[Collected data entries]
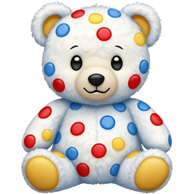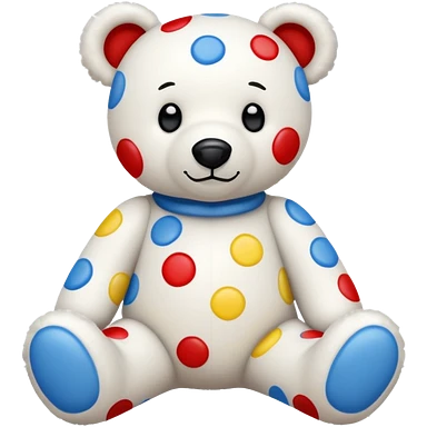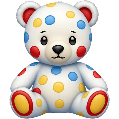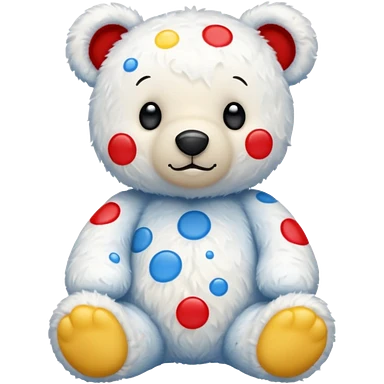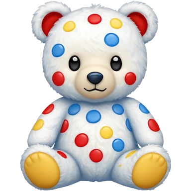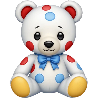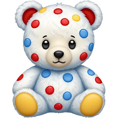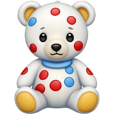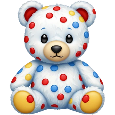 White teddy bear with blue, red and yellow spots emoji | AI Emoji Generator
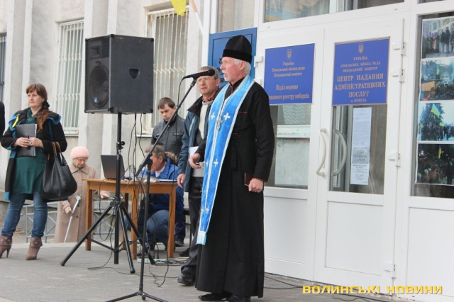 Захід розпочали із молитви. Священик УПЦ Київського патріархату отець Анатолій закликав молитися за те, «щоб чужоземний чобіт не топтав українську землю». Він засудив тих, хто називає себе православними, проте під час посту нападає на братній народ, а патріарх Кирил благословляє це. Водночас, він звернув увагу на те, що наразі не зменшилося віруючих у чужоземній церкві, церкві Московського патріархату. Він обурився, що дехто зі священиків говорить, що був на Майдані, проте їх там не бачив.
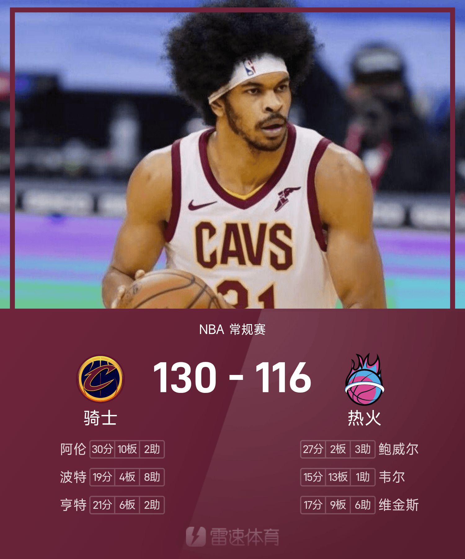 6686 Sports November 13 News In the 25/26 NBA regular season, the Heat played against the Cavaliers. At the end of the game, the Heat lost to the Cavaliers 116-130. Allen scored a game-high 30 points, 10 rebounds and 2 assists, leading the Cavaliers to victory.
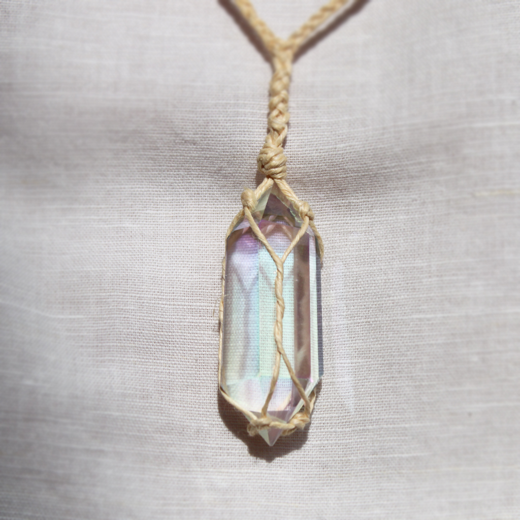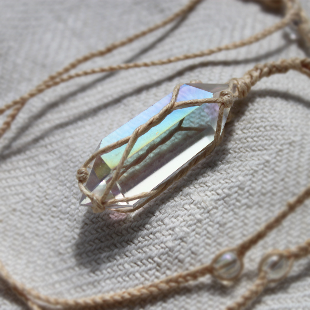- obelisk i koraliki pokryte „anielską aurą” – warstwą platyny i srebra, stąd kolorowo połyskują zależnie od kąta padania światła,
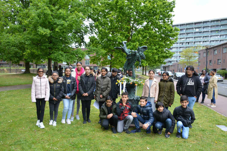 Op vrijdag 10 mei legden alle kinderen een roos met daaraan een regel uit hun eigen gedichten bij het beeld. Ze stonden in een grote cirkel om het beeld met en één voor één zeiden ze hun dichtregel en legden hun roos bij het monument.
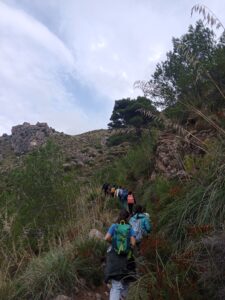 Una vegada hem fet aquesta primera reflexió sobre l’inici del primer boom turístic, els infantils, acompanyats per les educadores i pre-educadores, han preparat, per grups, una escena teatral, per representar diferents situacions i vivències d’aquella època. Mentrestant, els juvenils han caminat una mica més fins al mirador del Pi de ses Creus, on han fet un joc de rol guiat per les educadores. Entre els personatges del joc, hi apareixien els pagesos, empresaris hotelers i el govern. Cada personatge tenia els seus propis interessos i entre tots havien d’arribar a un acord. Aquestes dues dinàmiques, per infantils i juvenils, han ajudat a situar-nos als anys 60 i 70 i empatitzar amb un context completament diferent de l’actual.
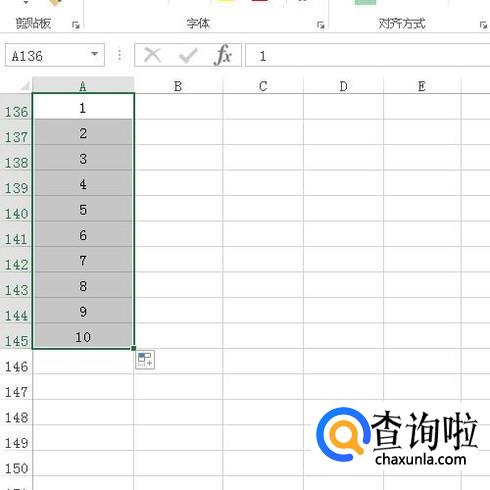 比如,插入从1到10自然数的序号,我们先在A136单元格中输入1
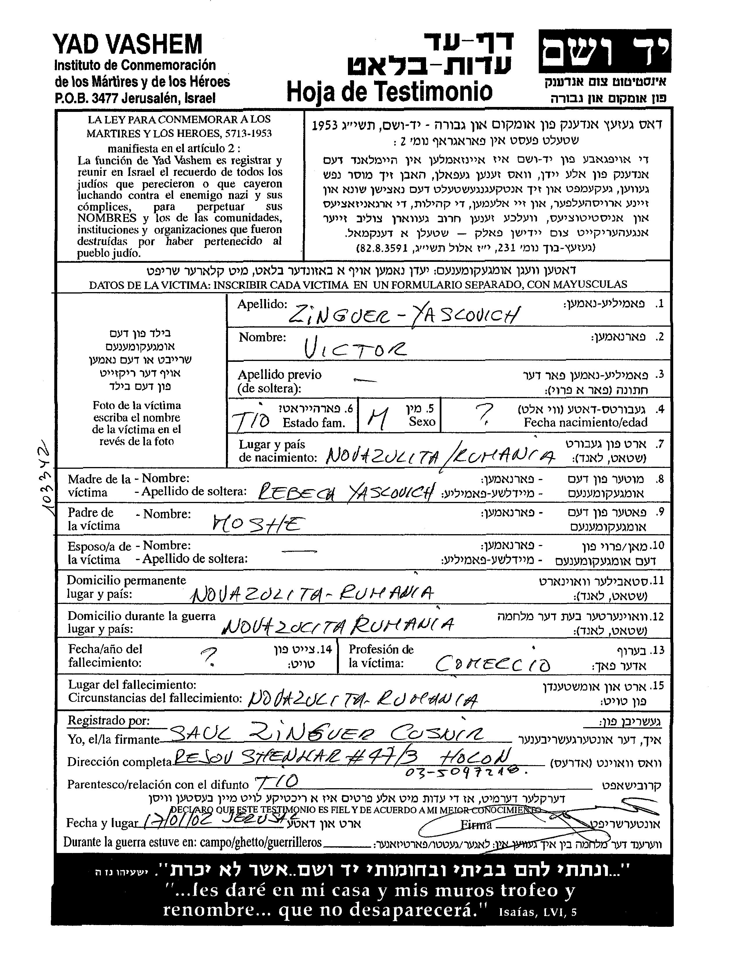 Zinguer Yascovich Victor Noua Sulita, Roumanie Feuille de témoignage
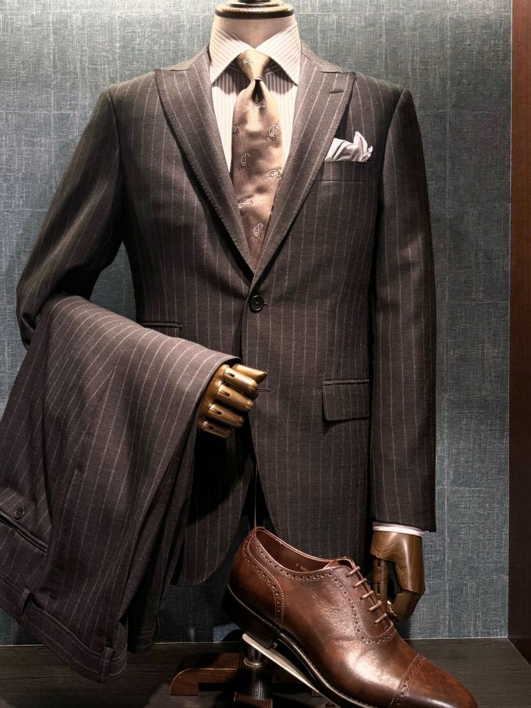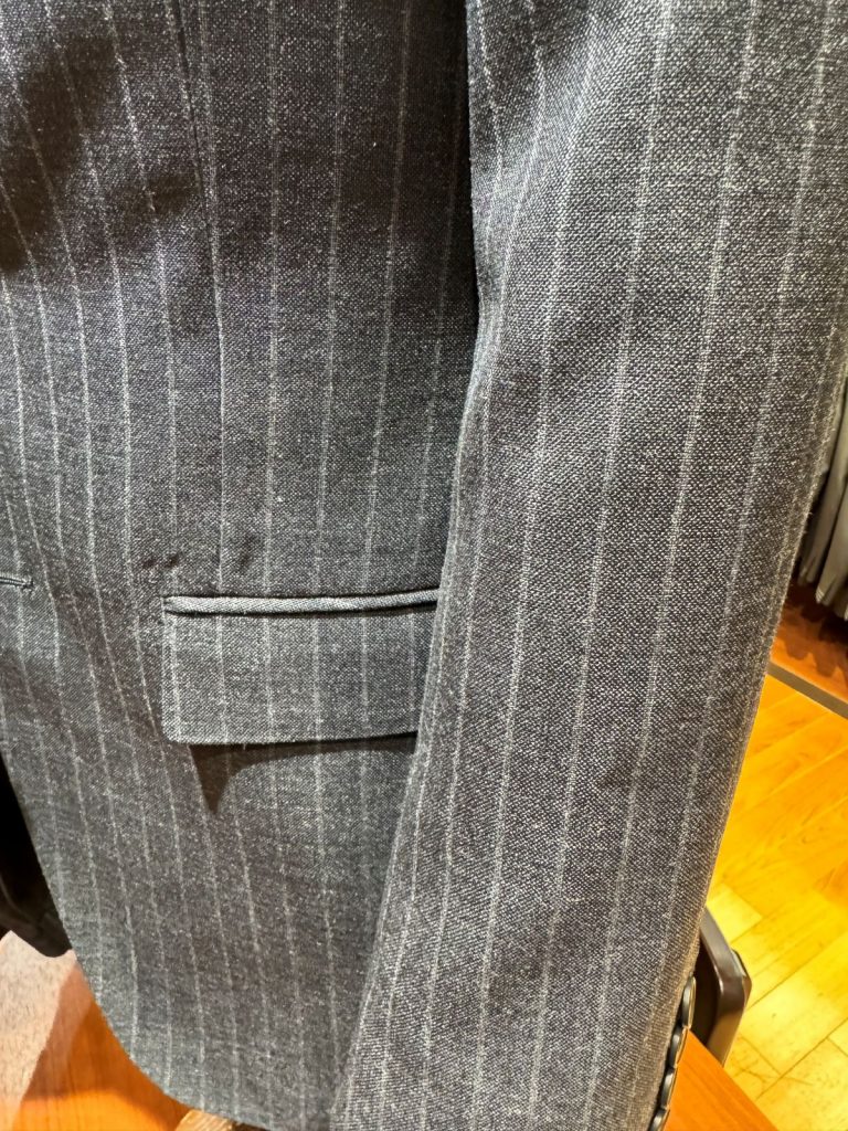サンプルのスーツはクラシックなチャコールのペンシルストライプ。

• [What is needed]
Produce the lines from the first line of the entries through the line that contains "- obelisk i", exactly, leaving the pictures behind.

• [Expected answer]
 White teddy bear with blue, red and yellow spots emoji | AI Emoji Generator
 Захід розпочали із молитви. Священик УПЦ Київського патріархату отець Анатолій закликав молитися за те, «щоб чужоземний чобіт не топтав українську землю». Він засудив тих, хто називає себе православними, проте під час посту нападає на братній народ, а патріарх Кирил благословляє це. Водночас, він звернув увагу на те, що наразі не зменшилося віруючих у чужоземній церкві, церкві Московського патріархату. Він обурився, що дехто зі священиків говорить, що був на Майдані, проте їх там не бачив.
 6686 Sports November 13 News In the 25/26 NBA regular season, the Heat played against the Cavaliers. At the end of the game, the Heat lost to the Cavaliers 116-130. Allen scored a game-high 30 points, 10 rebounds and 2 assists, leading the Cavaliers to victory.
- obelisk i koraliki pokryte „anielską aurą” – warstwą platyny i srebra, stąd kolorowo połyskują zależnie od kąta padania światła,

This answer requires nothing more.